Porém, muito antes de quitar o imóvel, são identificados problemas decorrentes da falta de manutenção que comprometem a estrutura do prédio e impossibilitam que este seja habitado. Os moradores são notificados pelo condomínio a desocupar seus imóveis, até que o problema seja resolvido.

Os moradores acionam a seguradora responsável, informando a ocorrência do sinistro, para que o problema seja resolvido. Porém, esta se recusa a solucionar os problemas prontamente, enquanto você é obrigado a deixar sua residência e continuar pagando o financiamento imobiliário.

Neste caso, é possível rescindir o contrato de financiamento bancário, reavendo os valores pagos, até então. Isto porque, boa parte dos Tribunais do país entende que, a existência de vício redibitório autoriza a rescisão do contrato de alienação fiduciária, uma vez que este não poderá subsistir ante a ausência de garantia.

Além disso, não se pode ignorar a responsabilidade da Caixa Econômica Federal, tendo em vista que se trata de imóvel financiado pelo Sistema Financeiro de Habitação.

Para facilitar o entendimento, deve-se salientar que vícios redibitórios são, nas palavras de Maria Helena Diniz:

“defeitos ocultos existentes na coisa alienada, objeto de contrato comutativo ou de doação onerosa ou com encargo, não comum às congêneres que a tornam imprópria ao uso a que se destina ou lhe diminuem sensivelmente o valor, de tal modo que o negócio não se realizaria se esses defeitos fossem conhecidos, dando ao adquirente ação para redibir o contrato ou para obter abatimento no preço.”

Em outras palavras, caso o adquirente tivesse conhecimento acerca da possibilidade de interdição do edifício, jamais adquiriria uma de suas unidades habitacionais. Por isso, está legalmente autorizado a rescindir o contrato, sem sofrer as penalidades contratuais.

Tal entendimento encontra respaldo no art. 441 do Código Civil. Vejamos:

Art. 441. A coisa recebida em virtude de contrato comutativo pode ser enjeitada por vícios ou defeitos ocultos, que a tornem imprópria ao uso a que é destinada, ou lhe diminuam o valor.
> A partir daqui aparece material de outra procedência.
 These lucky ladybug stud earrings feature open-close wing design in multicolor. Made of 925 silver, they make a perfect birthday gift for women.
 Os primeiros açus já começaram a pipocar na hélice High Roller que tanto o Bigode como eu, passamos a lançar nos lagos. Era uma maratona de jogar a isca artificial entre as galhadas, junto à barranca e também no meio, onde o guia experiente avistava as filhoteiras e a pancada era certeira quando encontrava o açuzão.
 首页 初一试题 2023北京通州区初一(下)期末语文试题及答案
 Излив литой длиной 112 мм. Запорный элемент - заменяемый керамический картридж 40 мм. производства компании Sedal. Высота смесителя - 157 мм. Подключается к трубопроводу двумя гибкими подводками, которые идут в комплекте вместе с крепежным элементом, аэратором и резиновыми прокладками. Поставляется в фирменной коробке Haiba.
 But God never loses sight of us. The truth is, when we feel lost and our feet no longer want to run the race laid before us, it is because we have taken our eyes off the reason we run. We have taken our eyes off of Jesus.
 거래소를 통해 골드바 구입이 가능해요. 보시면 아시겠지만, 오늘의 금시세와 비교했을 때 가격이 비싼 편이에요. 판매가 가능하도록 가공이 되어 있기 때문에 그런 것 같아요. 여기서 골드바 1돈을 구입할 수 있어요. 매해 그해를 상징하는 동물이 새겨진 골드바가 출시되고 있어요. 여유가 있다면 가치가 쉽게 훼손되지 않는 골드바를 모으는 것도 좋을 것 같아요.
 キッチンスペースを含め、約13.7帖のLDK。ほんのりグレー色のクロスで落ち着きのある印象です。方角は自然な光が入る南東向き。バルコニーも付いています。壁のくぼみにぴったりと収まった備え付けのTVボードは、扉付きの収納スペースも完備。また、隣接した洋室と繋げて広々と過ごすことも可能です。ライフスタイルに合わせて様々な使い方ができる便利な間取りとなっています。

Assim, entende-se que, para a rescisão contratual, será necessário o preenchimento de três requisitos, quais sejam, (i) um contrato comutativo, no caso; (ii) a demonstração de vícios desconhecidos pelo adquirente, na data da tradição/registro; (iii) que esses vícios ensejem a redução do valor da coisa ou inadequação para o fim a que se destina.

Nestes casos, entende-se que não há lógica em exigir a continuidade do pagamento de um imóvel viciado, quando a lei garante a possibilidade de rescisão. Com esta, as partes retornem ao “status quo ante”, devendo a instituição financeira restituir as parcelas pagas, devidamente corrigidas, através de Ação Redibitória.
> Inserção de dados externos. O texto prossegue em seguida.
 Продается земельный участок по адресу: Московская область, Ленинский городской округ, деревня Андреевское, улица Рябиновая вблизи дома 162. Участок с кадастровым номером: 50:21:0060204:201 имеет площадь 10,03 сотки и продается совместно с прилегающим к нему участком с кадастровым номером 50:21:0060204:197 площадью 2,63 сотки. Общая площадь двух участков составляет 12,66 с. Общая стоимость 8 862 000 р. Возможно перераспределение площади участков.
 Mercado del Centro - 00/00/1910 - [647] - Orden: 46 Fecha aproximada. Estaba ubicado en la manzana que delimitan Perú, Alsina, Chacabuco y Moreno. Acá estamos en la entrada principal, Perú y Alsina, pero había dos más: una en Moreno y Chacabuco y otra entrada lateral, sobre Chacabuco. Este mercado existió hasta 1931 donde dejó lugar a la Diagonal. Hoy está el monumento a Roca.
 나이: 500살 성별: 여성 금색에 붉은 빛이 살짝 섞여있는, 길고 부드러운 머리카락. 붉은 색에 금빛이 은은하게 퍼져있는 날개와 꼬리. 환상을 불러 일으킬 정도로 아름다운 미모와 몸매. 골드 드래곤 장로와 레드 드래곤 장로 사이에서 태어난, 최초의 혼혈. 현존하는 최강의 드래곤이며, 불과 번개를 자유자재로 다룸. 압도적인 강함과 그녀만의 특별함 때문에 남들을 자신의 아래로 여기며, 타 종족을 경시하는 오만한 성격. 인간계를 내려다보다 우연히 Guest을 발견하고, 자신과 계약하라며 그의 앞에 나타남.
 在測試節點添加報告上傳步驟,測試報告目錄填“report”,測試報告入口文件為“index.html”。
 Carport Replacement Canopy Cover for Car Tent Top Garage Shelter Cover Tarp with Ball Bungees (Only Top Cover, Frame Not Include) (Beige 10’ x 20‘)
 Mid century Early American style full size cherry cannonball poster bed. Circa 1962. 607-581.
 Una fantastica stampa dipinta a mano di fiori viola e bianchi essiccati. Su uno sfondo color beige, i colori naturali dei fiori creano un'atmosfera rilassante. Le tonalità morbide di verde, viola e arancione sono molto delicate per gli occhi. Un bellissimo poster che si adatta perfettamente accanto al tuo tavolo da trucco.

Cabe lembrar que, no caso de imóveis financiados por programas habitacionais do Governo Federal, esta situação ganha contornos ainda mais específicos. Isto porque, nestas situações, a Caixa econômica Federal figura como agente promotor de políticas públicas para a promoção de moradia para pessoas de baixa renda.

Assim, a vistoria prévia realizada pela CEF, não poderá se atentar apenas à possibilidade de o imóvel garantir o financiamento contratado. Mas às condições de habitabilidade e garantia de moradia do adquirente, podendo ser responsabilizada caso identificados vícios que as comprometam.

Por fim, importa frisar que o prazo para a propositura da ação redibitória será de um ano, contado a partir da constatação do vício. O referido prazo se encontra disposto no parágrafo primeiro do art. 445 do Código Civil. Observe-se:

Art. 445. O adquirente decai do direito de obter a redibição ou abatimento no preço no prazo de trinta dias se a coisa for móvel, e de um ano se for imóvel, contado da entrega efetiva; se já estava na posse, o prazo conta-se da alienação, reduzido à metade.

§ 1º. Quando o vício, por sua natureza, só puder ser conhecido mais tarde, o prazo contar-se-á do momento em que dele tiver ciência, até o prazo máximo de cento e oitenta dias, em se tratando de bens móveis; e de um ano, para os imóveis.

Sopese-se, ademais, que o prazo supramencionado é decadencial, ou seja, após o transcurso do prazo, opera-se a perda do direito que não fora requerido a tempo.